* **PROVIDED MATERIAL**
══════════════════════════════
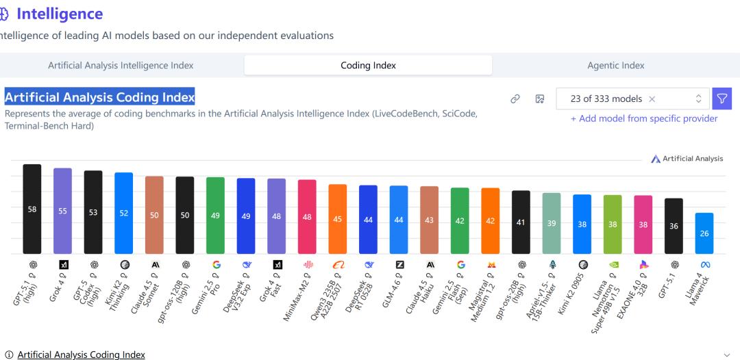来源:https://artificialanalysis.ai/?intelligence=coding-indexintelligence-category=open-weights-vs-proprietary
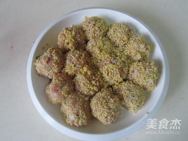 1. 小米先放入水中泡上一個小時; 2. 肉丸中加入點鹽等調味料順著一個方向攪拌上勁, 再放入蓮藕末攪拌拌均勻,再加入點鹽調味; 3. 將蓮藕肉丸均勻的裹上小米, 放在鍋上, 大火蒸上20分鐘即可。
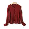 La tapeta adopta abertura con botones reales, y todos los ojales están hechos con tecnología de recogida de aguja móvil
══════════════════════════════
* **YOUR GOAL**
Should there be pictures in the data, leave them out and return the rest exactly.

* **SOLVED EXERCISE**
来源:https://artificialanalysis.ai/?intelligence=coding-indexintelligence-category=open-weights-vs-proprietary
 1. 小米先放入水中泡上一個小時; 2. 肉丸中加入點鹽等調味料順著一個方向攪拌上勁, 再放入蓮藕末攪拌拌均勻,再加入點鹽調味; 3. 將蓮藕肉丸均勻的裹上小米, 放在鍋上, 大火蒸上20分鐘即可。
 La tapeta adopta abertura con botones reales, y todos los ojales están hechos con tecnología de recogida de aguja móvil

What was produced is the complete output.